- 03 . 05 . 05
Festival time again in Japan and we head out to see a local town festival.
- StumbleUpon
- TwitterTweet
- Facebook
Moveable Priests
Golden Week has come again which means lots of national holidays all strung together to give a decent vacation to most Japanese people. It is also the time of year when many towns have their annual festival and tonight, after work, I was able to go to one at the nearby town of Tarui. Tarui has a feel to it much like Takayama, with narrow streets and old-style buildings in abundance. Main street was about as wide as my road here in Gifu, which is to say, not very.
For the festival, 3 movable shrines were paraded through the town. These shrines come from each district of the town, West, East and Central. I got the feeling there was a sort of friendly rivalry, with each district vying for the most well-executed parade. Portable gives the impression of the shrines being small, but they were far from it. The shrines themselves were probably about 10m tall and about 5m wide. They almost didn’t fit down the side streets and one man had to sit on top of each shrine and move the power cables out of the way to avoid any snags. I guess they didn’t have that problem 300 years ago…

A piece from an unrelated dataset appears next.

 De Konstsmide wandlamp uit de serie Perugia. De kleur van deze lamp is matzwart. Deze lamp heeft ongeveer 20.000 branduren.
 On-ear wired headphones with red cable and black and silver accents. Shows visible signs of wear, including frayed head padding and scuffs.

Each shrine was pulled and pushed by a team of 10 to 15 men. Women (of course) weren’t allowed to help – in fact, women were banned from even touching the shrines! A path was cleared through the crowd by slightly overzealous men in black traditional clothes carrying lanterns, who ushered the people out of the way and guided the shrines down the road. Their raucous behaviour is best explained by their preparations. Apparently, the men involved will not have slept for 2 days and spent the best part of last night and this afternoon getting totally wasted. Lots of them certainly were tottering about this evening, bumping into people and shouting at them to get out of the way! I’m not sure that entrusting a 100 year old, 2 ton cultural treasure to a bunch of drunk men is the best idea in the world, but it’s traditional and who am I to argue with that?!

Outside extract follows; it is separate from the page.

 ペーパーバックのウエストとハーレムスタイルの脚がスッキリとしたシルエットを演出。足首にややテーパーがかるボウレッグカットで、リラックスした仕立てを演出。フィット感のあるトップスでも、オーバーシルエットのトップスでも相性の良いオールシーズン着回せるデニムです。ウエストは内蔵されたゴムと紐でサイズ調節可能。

At about 7pm each shrine was turned into a mini kabuki stage, and a group of children came out to perform a tradional play. I understood about the same amount as last time I saw a kabuki play, which is to say, not much. Following the performance, we went up to Yaegaki Shrine, a substantially larger and non-movable shrine where we had a quick bow and wish. The evening finale came at around 8:30pm when all three shrines were brought into the main square together. The men came dragging each one through at remarkable speed considering their sizes (The shrines, I mean, not the Japanese!).
Trev remarked, and I agree, that this was the most he’d felt like a tourist since he’d been here. We saw not even a single gaijin and (me especially) spent lots of the evening standing taking photos. I’ll put some of them up tomorrow when I’m less tired and have more free time.